---- Data block
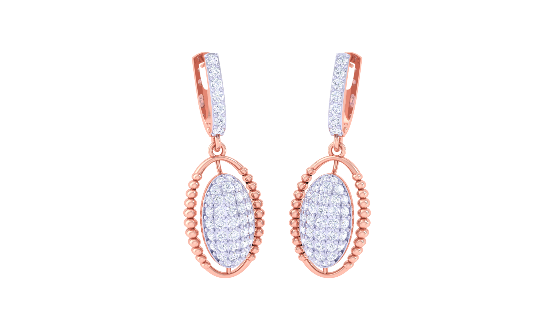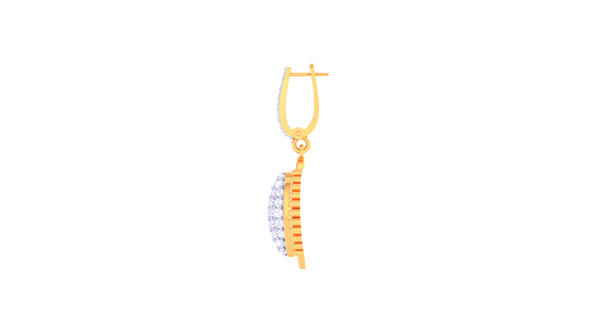A diamond-studded vertical bar connects the pendant to the earlobe, enhancing the overall brilliance.
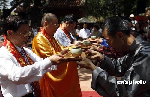 4月6日,臺灣歷史上首次以茶祭孔的“臺茶祭孔 府城飄香”主題茶會在臺南孔廟登場。主辦方稱,祭孔時安排敬茶儀式,旨在讓民眾了解茶禮儀的意義與內涵,彰顯臺茶祭孔禮儀,復興茶禮圣神仙佛的優良傳統風氣。中新社發 杜洋 攝
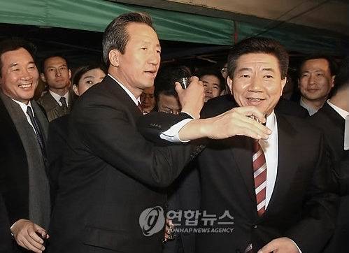 새누리당 정진석 원내대표가 입장할 때는 일부 참가자들이 박수를 치며 환영하는 모습도 보였다.
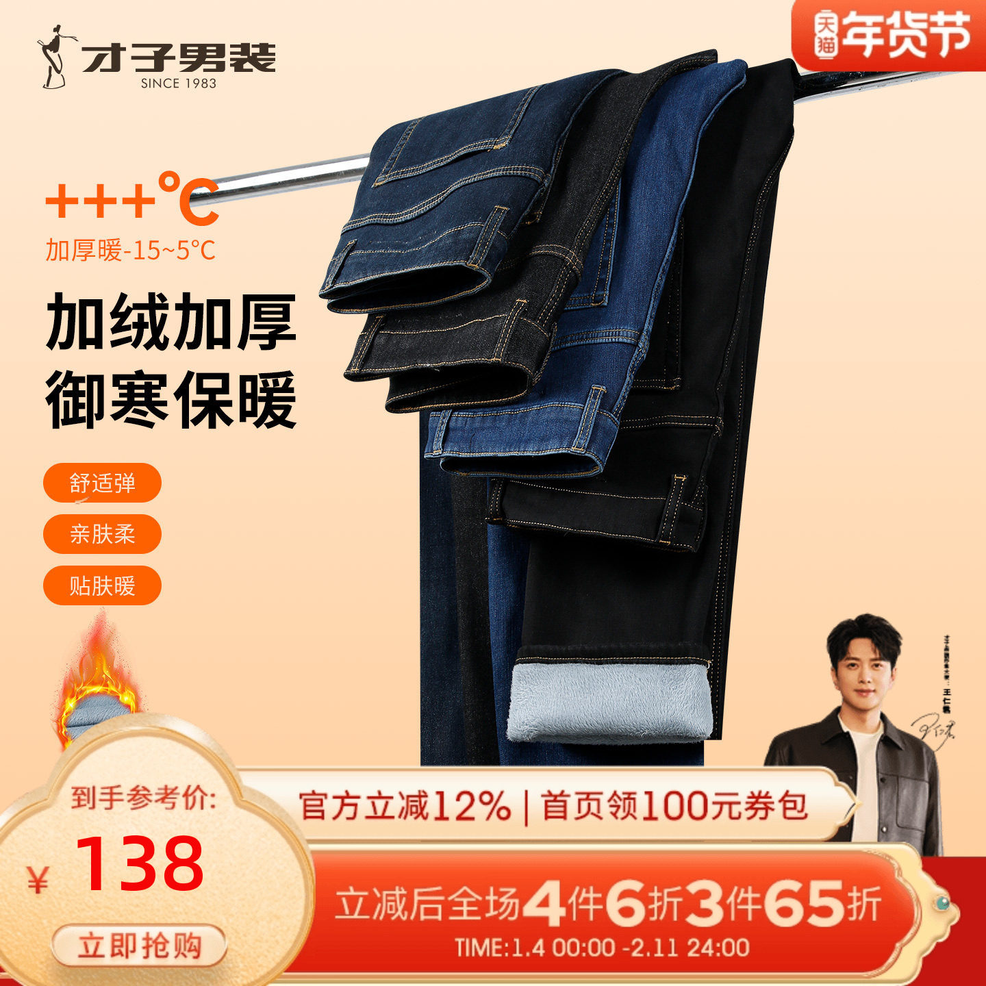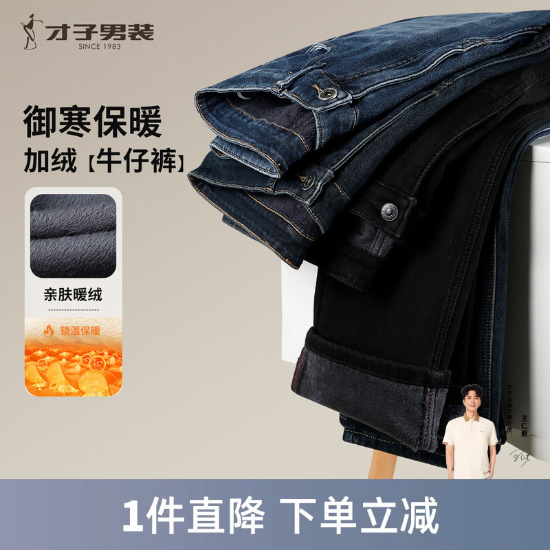 才子男装加绒加厚牛仔裤男2025冬季新款保暖修身水洗休闲黑色裤子
--------
* _What the exercise asks_
Restate the data exactly, though only from the line that contains "새누리당 정진석 원내대표가" through its last line, both ends included and with the pictures left out.

* _Solution_
 새누리당 정진석 원내대표가 입장할 때는 일부 참가자들이 박수를 치며 환영하는 모습도 보였다.
 才子男装加绒加厚牛仔裤男2025冬季新款保暖修身水洗休闲黑色裤子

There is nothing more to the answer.